Dead Before Sundown
Page 8
A horse blew loudly through its nostrils, though, so he knew the camp wasn’t completely deserted.
Frank sniffed the air. The tang of burned powder still hung there faintly. This was where the shot had gone off, all right. He was sure of it.
He shifted his position, circling the camp in as close to absolute silence as he could manage. When he stopped and peered through another gap in the thick foliage, he could see all the camp that he hadn’t been able to see before.
The lame horse stood there, but the other saddle mounts and the pack mules were gone.
More importantly, so were Salty and Meg.
Chapter 11
A short time earlier, Anton Mirabeau had had nothing more on his mind than the lovely Charlotte Marat. She filled his thoughts as she often did. He should have been paying more attention to where he and the other men were going.
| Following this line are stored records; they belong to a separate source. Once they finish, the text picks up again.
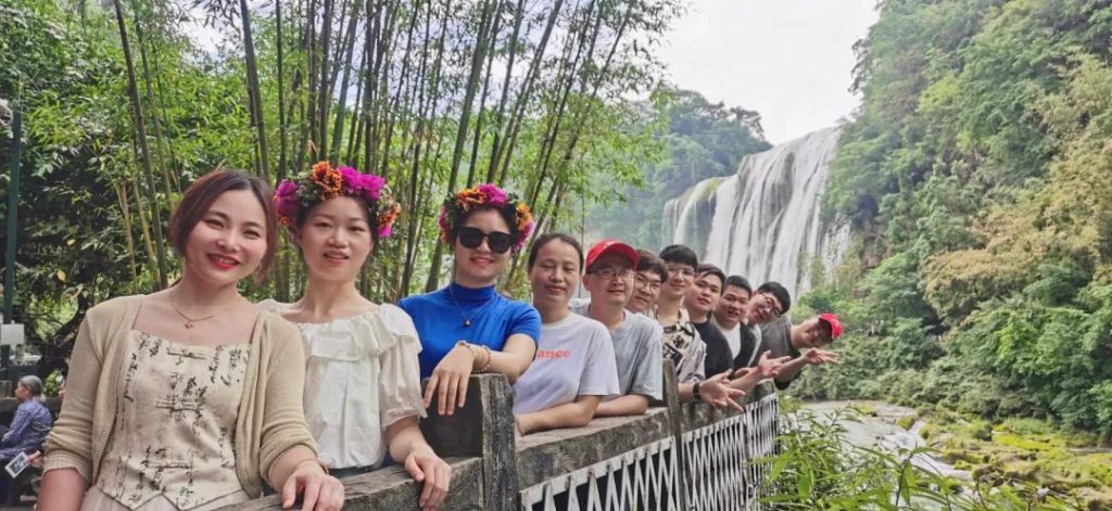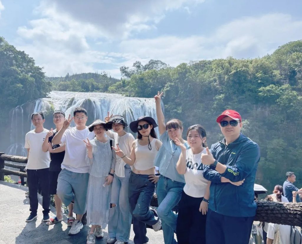 最后一天,我們的足跡留在了壯觀的黃果樹瀑布前,作為亞洲最大的瀑布,其景觀震撼人心,小學課本里對黃果樹瀑布的描述,讓每個人心中都住著一個黃果樹瀑布。黃果樹下,壯觀秀麗;水簾洞旁,水聲轟鳴,仿佛是大自然對我們團隊精神的最高贊歌。那一刻,每個人的心都被這份雄渾壯麗所觸動,更加堅定了我們作為團隊一員,面對工作挑戰也要勇往直前的決心。
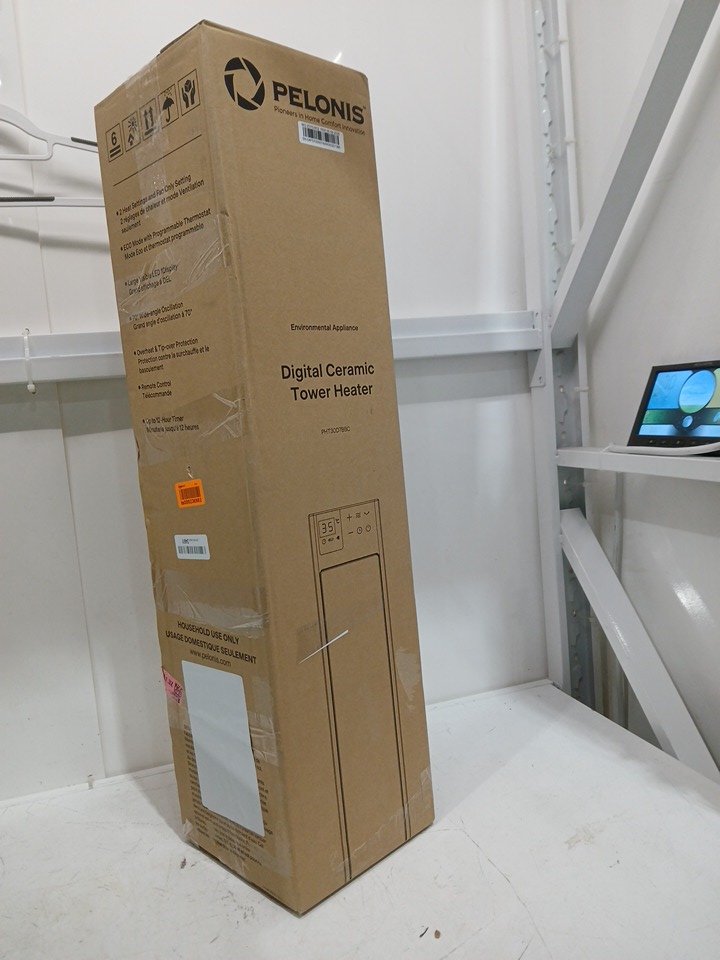 pelonis ceramic tower space heater with adjustable thermostat, 75° oscillation, remote control, and 12h timer - 30" - 1500w - black (model: pht30d7bbc)
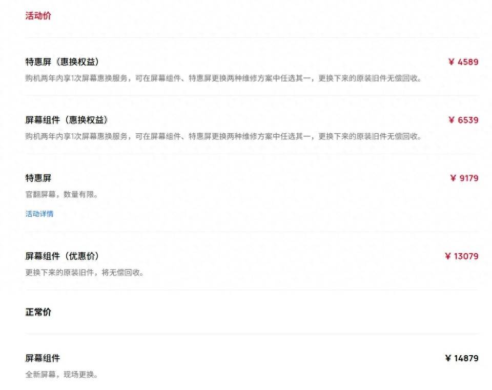 不过,华为也给出了一些优惠方案。若消费者愿意无偿回收更换下来的原装旧件,换屏费用可降至13079元;选择更换官翻的特惠屏,则只需9197元。而且,在购机两年内,消费者还能享受1次屏幕惠换服务,此时更换全新屏幕价格为6539元,更换特惠屏为4589元,只是旧件同样需无偿回收。
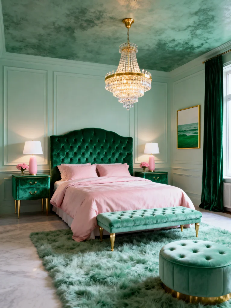 That deep emerald green tufted headboard is the perfect “anchor” for the room, and the soft pink bedding keeps the whole look sweet and light. I’m also a huge fan of the “shaggy” mint rug—it looks so soft to walk on! The crystal chandelier adds that final touch of sparkle. This room is proof that you can use a lot of one color (mint) and as long as you vary the shades and textures, it looks absolutely stunning. It’s peaceful, stylish, and so, so pretty.
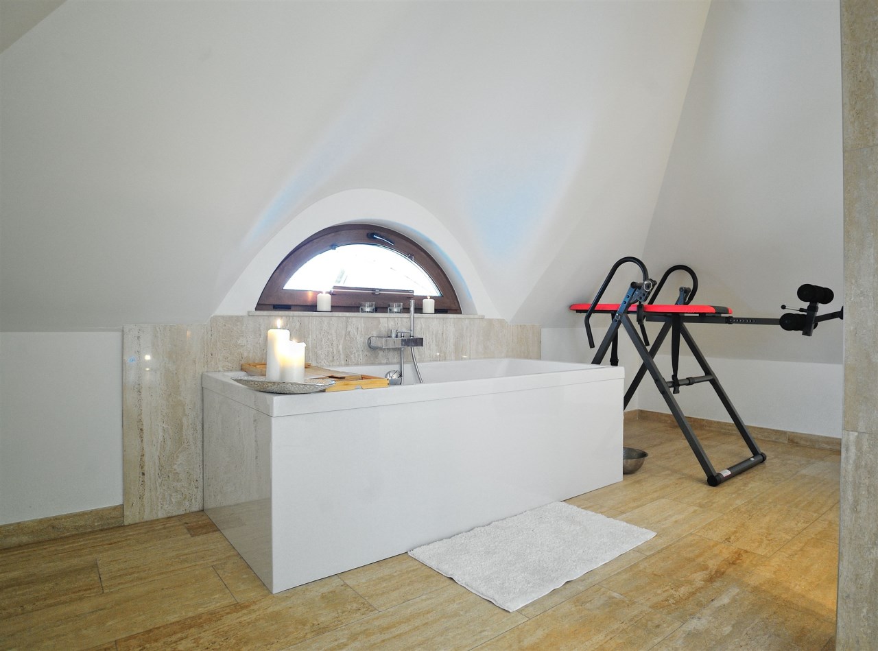 Pietro: sypialnia z oknem na ogród i garderobą, pokoj, zagospodarowany hol w z biblioteką i drugim biurem, oraz pokój kąpielowy.
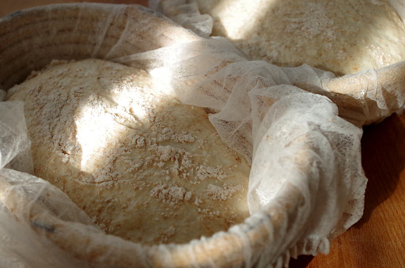 Сформуйте овальные или круглые заготовки и уложите расстаиваться в корзинки швом вверх. В самом начале расстойки включите духовку греться до 240-250 градусов вместе с колпаком и камнем.
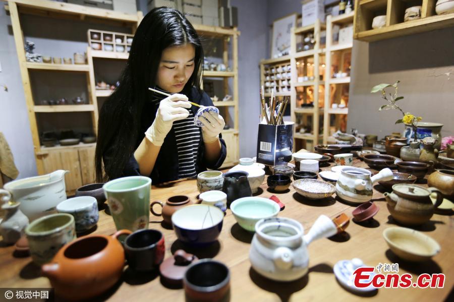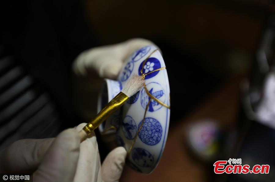 Huang Junling repairs broken pottery in her studio in Xi’an City, capital of Northwest China’s Shaanxi Province. A major of photography at university, she later developed an interest in Kintsukuroi, the Japanese art of repairing broken pottery with lacquer dusted or mixed with powdered gold, silver, or platinum. Huang is mainly self-taught in the craft and has mastered the basic skills after two years of practice. (Photo/CFP)

If he had, they wouldn’t have ridden right into trouble.
As it was, Mirabeau and the half-dozen other Métis with him had emerged from the trees into a clearing on the creek bank only to find themselves looking down the barrels of a rifle and a revolver, held by a couple of people who had taken cover behind some pines.
“Hold it right there, mister!” a man’s voice ordered.
From the sound of it, Mirabeau thought the voice belonged to an old man. But an elderly finger could pull the trigger of a gun the same as a young one, provided, of course, that age had not stiffened it.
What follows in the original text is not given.